This code creates and visualizes an n-gram network, specifically focusing on bigrams (two-word sequences). It defines functions to generate and process n-grams, build a network graph based on the frequency of n-grams, and visualize the network with centrality information. Here’s a breakdown:

  1. Load Required Libraries:

    library(stringr); library(dplyr); library(tidyr); library(tidytext); library(igraph)
    
    Attaching package: 'tidyr'
    The following object is masked from 'package:igraph':
    
        crossing
    • library(tidytext): Provides text tokenization tools, including functions to create n-grams.
    • library(igraph): Offers functions for calculating graph properties like closeness centrality.
  2. Define data_ngram_separated_f Function:

    data_ngram_separated_f <- function(x_data_input, ngram_size) {
      x_data_input %>%
      group_by(doc_id) %>%
      summarise(sentence = paste(lemma, collapse = " ")) %>%
      unnest_tokens(input = sentence, output = bigram, token = "ngrams", n = ngram_size) %>%
      separate(bigram, c("word1", "word2"), sep = " ") %>% # Separate bigram into individual words
      count(word1, word2, sort = T) %>% na.omit() # Count n-gram frequencies
    }
    • Parameters:
      • x_data_input: The input dataset with columns lemma (words) and doc_id (document identifier).
      • ngram_size: Specifies the size of the n-gram (e.g., 2 for bigrams).
    • Function Details:
      • group_by(doc_id) and summarise(...): Combines each document’s lemmas into a single sentence.
      • unnest_tokens(...): Extracts n-grams from the combined sentence, storing them in the bigram column.
      • separate(bigram, c("word1", "word2"), sep = " "): Splits the bigram into two columns, word1 and word2.
      • count(word1, word2, sort = T) %>% na.omit(): Counts each word pair’s frequency and removes any missing values.
  3. Define data_ngram_graph_f Function:

    data_ngram_graph_f <- function(ngram_separated, filter_size) {
      ngram_separated %>%
      filter(n >= filter_size) %>%
      as_tbl_graph(directed = F) %>%
      mutate(centrality = centrality_degree(), group = as.factor(group_infomap()))
    }
    • Parameters:
      • ngram_separated: Output from data_ngram_separated_f, containing n-gram frequencies.
      • filter_size: Minimum frequency threshold to include n-grams in the network.
    • Function Details:
      • filter(n >= filter_size): Filters word pairs by frequency.
      • as_tbl_graph(directed = F): Converts the filtered data to an undirected graph.
      • mutate(...):
        • centrality = centrality_degree(): Calculates the degree centrality of each word.
        • group = as.factor(group_infomap()): Uses the Infomap algorithm to detect communities within the graph.
  4. Define word_network_ngram_f Function:

    word_network_ngram_f <- function(data_ngram_graph) {
      ggraph(data_ngram_graph, layout = "fr") +
        geom_edge_link(color = "gray50", alpha = 0.5) +
        geom_node_point(aes(size = centrality, color = group), show.legend = F) +
        scale_size(range = c(4, 8)) +
        geom_node_text(aes(label = name), repel = T, size = 3, family = "Arial") +
        theme_graph()
    }
    • Parameters:
      • data_ngram_graph: Graph object created by data_ngram_graph_f.
    • Function Details:
      • geom_edge_link(...): Draws edges with gray color and transparency.
      • geom_node_point(...): Sizes nodes by degree centrality and colors them by community.
      • geom_node_text(...): Labels nodes with word names.
      • theme_graph(): Simplifies the plot appearance by removing background elements.
  5. Generate and Visualize N-Gram Data: Bigram

    data_english_bigram <- data_ngram_separated_f(x_data_english, 2)
    # write.csv(data_english_bigram, 'data_english_bigram.csv')
    data_ngram_graph_english <- data_ngram_graph_f(data_english_bigram, 5)
    word_network_ngram_f(data_ngram_graph_english)

    Trigram

    data_english_trigram <- data_ngram_separated_f(x_data_english, 3)
    Warning: Expected 2 pieces.

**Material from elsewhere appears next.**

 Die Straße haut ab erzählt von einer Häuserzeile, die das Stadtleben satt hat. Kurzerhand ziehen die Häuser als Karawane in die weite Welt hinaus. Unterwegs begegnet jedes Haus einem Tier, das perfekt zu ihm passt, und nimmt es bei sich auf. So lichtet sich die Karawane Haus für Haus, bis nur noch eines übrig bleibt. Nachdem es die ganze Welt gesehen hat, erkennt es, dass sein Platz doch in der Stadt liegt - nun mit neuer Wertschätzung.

Additional pieces discarded in 5728 rows [1, 2, 3, 4, 5, 6,
    7, 8, 9, 10, 11, 12, 13, 14, 15, 16, 17, 18, 19, 20, ...].
    data_3gram_graph_english <- data_ngram_graph_f(data_english_trigram, 4)
    word_network_ngram_f(data_3gram_graph_english)

    • Generate N-Gram Data:
      • data_ngram_separated_f(x_data_english, 2): Creates bigrams from x_data_english and counts their occurrences.
      • write.csv(data_english_bigram, 'data_english_bigram.csv'): Exports bigram frequency data.
    • Create N-Gram Graph:
      • data_ngram_graph_f(data_english_bigram, 5): Builds a graph including bigrams with a minimum frequency of 5.
    • Visualize N-Gram Network:
      • word_network_ngram_f(data_ngram_graph_english): Visualizes the n-gram network, with nodes sized by centrality and colored by community.

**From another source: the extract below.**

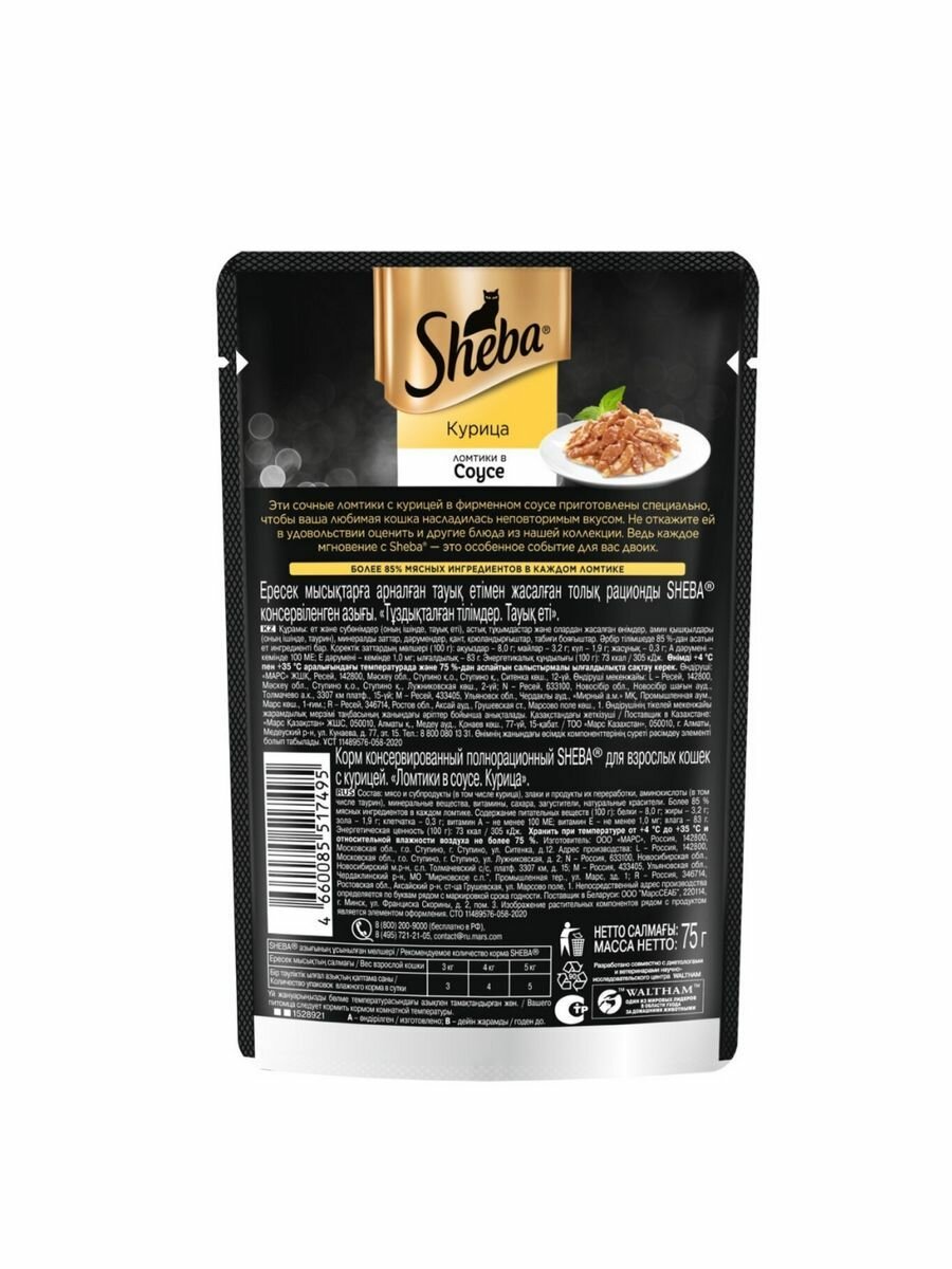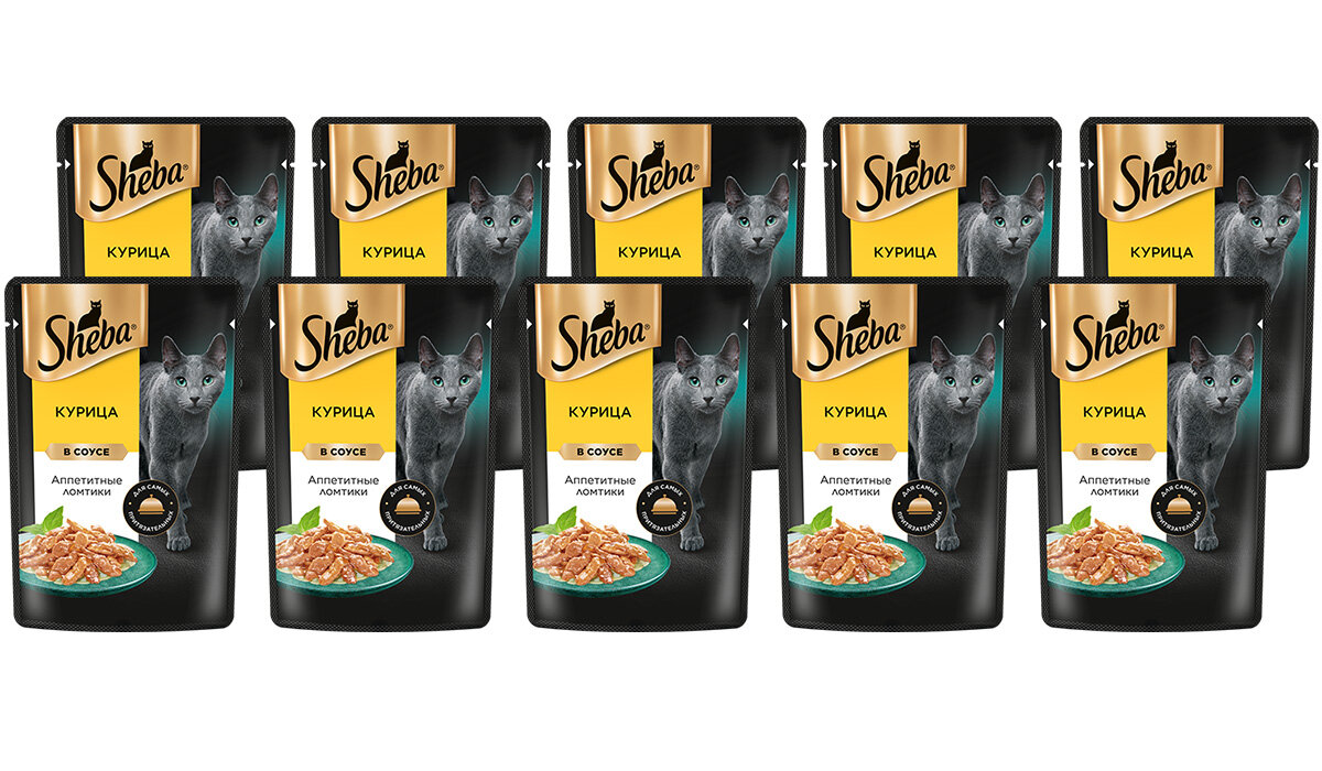 Купить SHEBA для взрослых кошек ломтики в соусе с курицей пауч 75 гр х 10 шт

15.2.15 Modularity Analysis

Modularity is a measure used in network analysis to identify the strength of division of a network into communities or modules. A higher modularity score suggests stronger community structure, with more connections within communities and fewer between them. In R, we can use the Infomap, Louvain, or Walktrap algorithms to detect communities and then calculate modularity.

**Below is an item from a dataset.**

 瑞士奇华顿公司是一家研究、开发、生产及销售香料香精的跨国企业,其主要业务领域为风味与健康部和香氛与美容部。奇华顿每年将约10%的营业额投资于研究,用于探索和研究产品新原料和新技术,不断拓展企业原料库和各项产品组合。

15.2.15.1 Infomap Algorithm

  • Principle: Infomap is based on information theory. It uses a random walk approach to detect communities by minimizing the expected description length of a random walk on the network.
  • Process:
    • The algorithm simulates a random walk over the network and assigns nodes to communities by tracking how information flows between them.
    • It minimizes a map equation, which represents the amount of information needed to describe the path of the random walk.
    • By assigning nodes to communities where information flow is dense, it reduces the total map description length.
  • Characteristics:
    • Effective for detecting communities in networks with hierarchical or nested structures.
    • Sensitive to the direction of information flow, making it useful for directed networks.
  • Usage: Often used in large, complex networks, such as social and biological networks.

15.2.15.2 Louvain Algorithm

  • Principle: Louvain is based on modularity optimization, where modularity is a measure of the density of links within communities compared to links between communities.
  • Process:
    • The algorithm begins by assigning each node to its own community.
    • It then iteratively merges nodes into communities to maximize modularity gain.
    • Once no further modularity improvements are possible, each community is collapsed into a “super-node,” and the process repeats until a maximum modularity is reached.
  • Characteristics:
    • Fast and scalable, making it suitable for large networks.
    • Tends to produce communities of varying sizes, which can sometimes split large communities into smaller ones.
  • Usage: Commonly used for undirected networks, such as social networks, biological networks, and citation networks.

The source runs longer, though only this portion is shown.